Producer Charles Dean Packard has explained that he saw Big Fish on Broadway and was moved by what he saw, but felt “they had buried the story in the BIG. The heart was still there in the text and lyrics, but it was smothered in flashy numbers and special effects.” So he and director John Ashton agreed that this Aurora Fox production would focus more on the story than on spectacle. To their credit, they’ve achieved this. The sets and special effects — all by Packard himself — are ingenious without dwarfing the performers or the action. Piper Lindsay Arpan’s choreography is lively, inventive and often charming. The sound is kept at an ear-pleasing level, so that the many fine voices in the cast — particularly those of Kevin Schwartz as Edward, Matt Summers as Will and Megan Van De Hey as Edward’s wife, Sandra — can shine.

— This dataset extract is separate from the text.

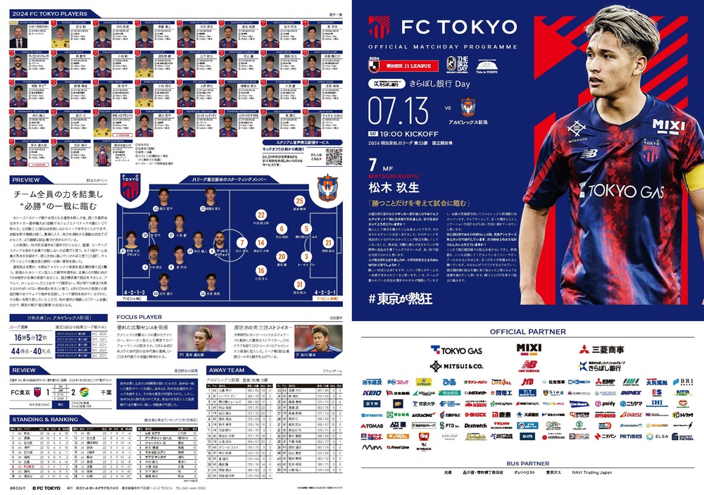 13 de julho (Sáb) 2024 Meiji Yasuda J1 League Rodada 23 vs Albirex Niigata (Início às 19:00 / Japan National Stadium) sobre o programa oficial do dia da partida, informamos conforme abaixo.

At first, all of this is quite enchanting, as Edward urges Will to “Be a Hero,” shows him how to use the Alabama Stomp to catch fish (you stomp hard on the ground and dozens of fish fly out of the river), and encounters a witch who removes his fear of death by revealing how he will die. There’s a gorgeous moment, beautifully staged, when Edward proposes to Sandra in a flashback, and a fascinatingly odd song and dance number called “Little Lamb From Alabama” that’s performed with feet alternately flat and flexed by Sandra and two friends.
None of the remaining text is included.